# Get Feeds

This notebook is used to retrieve and store the RSS feeds from the specified list of blogs. They are stored as parquet files in the __Files__ section of the Lakehouse based on the day they were retrieved to preserve the history. Additionally, the latest list is stored in the _feeds_ table, which will be used in the next steps.

Initially, we are running the _CONFIG_ notebook, which contains our configuration variables. 

### Library dependency
- __[feedparser](https://pypi.org/project/feedparser/)__: Parse Atom and RSS feeds in Python. _Requires installation_.
- __[pyspark.sql.functions.col](https://spark.apache.org/docs/latest/api/python/reference/pyspark.sql/api/pyspark.sql.functions.col.html)__: Returns a Column based on the given column name.
- __[pyspark.sql.functions.lit](https://spark.apache.org/docs/3.4.0/api/python/reference/pyspark.sql/api/pyspark.sql.functions.lit.html)__: Creates a Column of literal value.
- __[datetime.date](https://docs.python.org/3/library/datetime.html)__: The datetime module supplies classes for manipulating dates and times.
- __[re](https://docs.python.org/3/library/re.html)__: This module provides regular expression matching operations similar to those found in Perl.
- __[pyspark.sql.types](https://spark.apache.org/docs/latest/api/python/reference/pyspark.sql/data_types.html)__: Define a schema structure and data types.


In [None]:
%run CONFIG

## Get feeds based on blog list

Retrieve the latest feed for each blog in the blog list, then store the latest feed in the Lakehouse. 



In [None]:
################################
# Get feeds based on blog list #
################################

import feedparser
from pyspark.sql.functions import col, lit
from datetime import date
import re

# retrieve current list of blogs from the Lakehouse (oroginally coming from the SharePoint List)
blogs = spark.read.format("delta").load("Tables/blogs")

# get current date 
current_date = date.today()

# loop through all the blogs and retrieve the RSS feed for each of them
for url in blogs.rdd.collect():
    try :
        feed = feedparser.parse(url.RSSFeed)['entries']
    except Exception as ex:
        print(f"[Error] Cloudn't get feed for '{url.RSSFeed}': " + str(ex))
        pass     

    # check if feed contains data. Is mostly relevant if you have invalid RSS Feeds that don't return any data. 
    if len(feed) > 0:     

        # create spark dataframe out of feed for further manipulation
        df = spark.createDataFrame(feed)

        # write raw results as parquet to Lakehouse.

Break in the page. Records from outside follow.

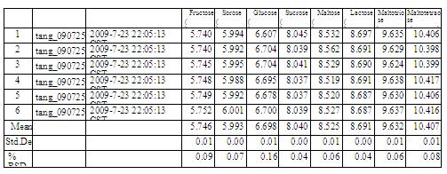表 2. 八種糖 標(biāo)準(zhǔn)品分離分析數(shù)據(jù)
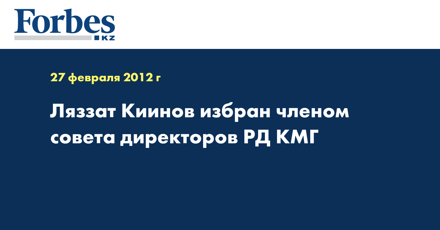 «РД КМГ 27 февраля провело внеочередное общее собрание акционеров, на котором были досрочно прекращены полномочия члена совета директоров Аскара Балжанова. Новым членом совета директоров избран Ляззат Киинов на срок полномочий совета директоров компании в целом», - отмечается в пресс-релизе, распространенном в понедельник.
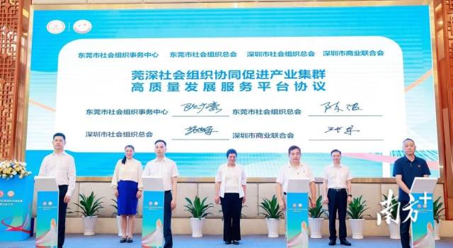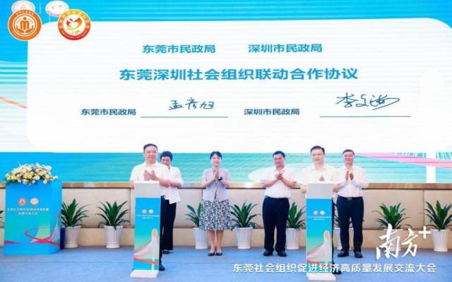 大会现场,举行了东莞、深圳两地有关社会组织合作签约仪式和授牌仪式。东莞市民政局与深圳市民政局签署了《东莞深圳社会组织联动合作协议》,东莞市社会组织事务中心、东莞市社会组织总会、深圳市社会组织总会、深圳市商业联合会等共同签署了《莞深社会组织协同促进产业集群高质量发展服务平台协议》,张晨、黎雪琴、李文海为首批加入莞深社会组织协同促进产业集群高质量发展服务平台协议的30家社会组织授牌。东莞市上市公司协会、深圳市钟表行业协会、东莞市电子信息产业协会作为莞深优秀社会组织代表发言。
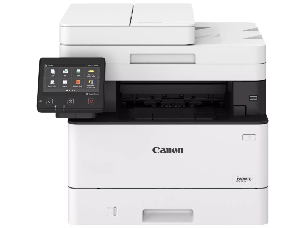 Canon i-SENSYS MF455dwMultifunkční černobílá laserová tiskárna formátu A4 nabízí rychlost tisku až 38 stran za minutu a rozlišení tisku 1200 x 1200 dpi. Disponuje vestavěným skenerem s rozlišením 600 x 600 dpi a rychlostí skenování až 38 stran za minutu. Vybavena je dvěma zásobníky papíru s celkovou kapacitou 350 listů. Potěší též automatický podavač dokumentů s kapacitou 50 listů a automatický duplexní tisk. Ovládání tiskárny je velmi snadné díky 5" dotykovému displeji a ovládacím prvkům na panelu. Připojení k počítači je realizováno skrze USB, ethernetový LAN port nebo bezdrátově pomocí Wi-Fi. Pro rychlý tisk z médií je připraven USB host port. Předností je také skenování a tisk z a do cloudového úložiště pomocí aplikace Canon PRINT Business. Tiskárnu lze také využít jako fax.
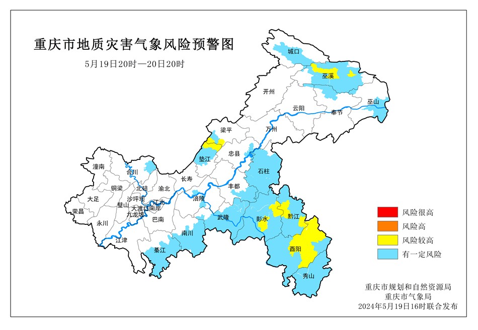 5月19日20時至5月20日20時,巫溪縣、墊江縣、梁平區、彭水縣、黔江區、酉陽縣屬于風險較高地區,地質災害氣象風險等級為III級(黃色預警),城口縣、巫山縣、奉節縣、云陽縣、石柱縣、豐都縣、忠縣、涪陵區、萬盛經開區、南川區、武隆區、秀山縣、合川區屬于有一定風險地區,地質災害氣象風險等級為IV級(藍色預警),請相關區縣注意防范。
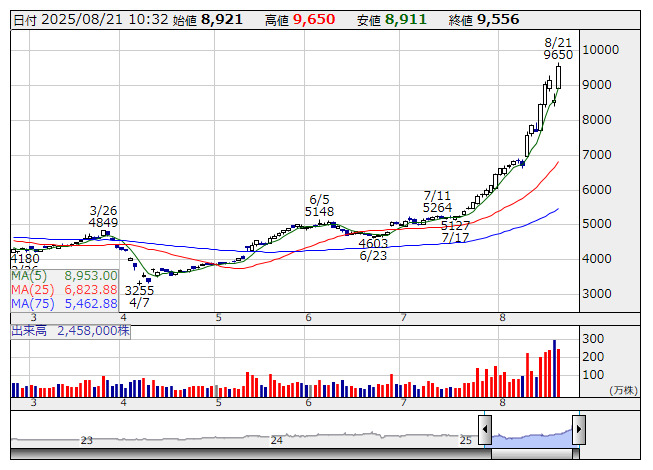 三井金 <日足> 「株探」多機能チャートより三井金<5706>は急反発。前日に高周波基板用電解銅箔「VSP」の生産体制追加増強を発表した。同社の「VSP」は、高周波数帯におけるプリント基板の伝送損失低減に大きく寄与することから、サーバー、ルーター、スイッチ等の高性能通信インフラ機器に採用されている。足元ではAIインフラ関連、特にHVLP5グレード品が開発から量産フェーズに移行するなど、需要が当初の計画以上に加速度的に増加しており、今後も更なる拡大が期待さる。台湾工場とマレーシア工場の両工場580t/月体制から、2026年9月までに45%増の 840t/月体制とするようだ。
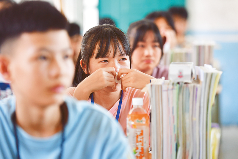 2019年9月,西北工業(yè)大學派出支教團到廣西融水苗族自治縣部分中學支教。近一年來,支教團成員積極創(chuàng)新教學方法,強化教學技能,深受老師認可和同學喜愛。2020年7月23日,融水苗族自治縣;钢袑W1813班為支教老師舉辦送別班會,一名同學流下不舍的淚水。 新華社記者 黃孝邦/攝

This is optional and can be deactivated by changing the parameter if not required
        if keep_raw_feeds == True: 
            df.write.option("header","true").mode("overwrite").parquet(f"Files/feeds_raw/{current_date.year}/{current_date.month}/{current_date.day}/{url.blog}")

        # 
        # check if "author" column is in feed, as some of them don't have it (e.g. Fabric Blog)
        if "author" in df.columns :
            df = df.select(
                col("author"),
                col("guidislink"),
                col("id"),
                col("link"),
                col("published"),
                col("summary"),
                col("title")
            ).withColumn("blog", lit(url.blog))
        # if there is no author, then use the title as author
        else :
            df = df.select(
                col("guidislink"),
                col("id"),
                col("link"),
                col("published"),
                col("summary"),
                col("title")
            ).withColumn("blog", lit(url.blog)).withColumn("author", lit(url.Title))

        # write cleaned file to lakehouse
        df.write.option("header","true").mode("overwrite").parquet(f"Files/feeds/{current_date.year}/{current_date.month}/{current_date.day}/{url.blog}")
        print("[Log] saved file: " + f"Files/feeds/{url.blog}")
    else :
        print(f"[Log] No feed parsed for {url.RSSFeed}")

## Combine feeds

Combine the most recent version of the feeds into a single table and store it in the lakehouse. 


In [None]:
###########################################
# Get all feeds and combine them in table #
###########################################

from pyspark.sql.types import *

# define table schema
schema = StructType(
   [StructField('author', StringType(), True),
    StructField('guidislink', BooleanType(), True),
    StructField('id', StringType(), True),
    StructField('link', StringType(), True),
    StructField('published', StringType(), True),
    StructField('summary', StringType(), True),
    StructField('title', StringType(), True),
    StructField('blog', StringType(), True)
   ]
  )

# read all the latest cleaned version of parquet files
df = spark.read.format("parquet").option("header", "true").schema(schema).load(f"Files/feeds/{current_date.year}/{current_date.month}/{current_date.day}/*")
display(df)

# store combine version as new table in Lakehouse
df.write.format("delta").mode("overwrite").saveAsTable("feeds")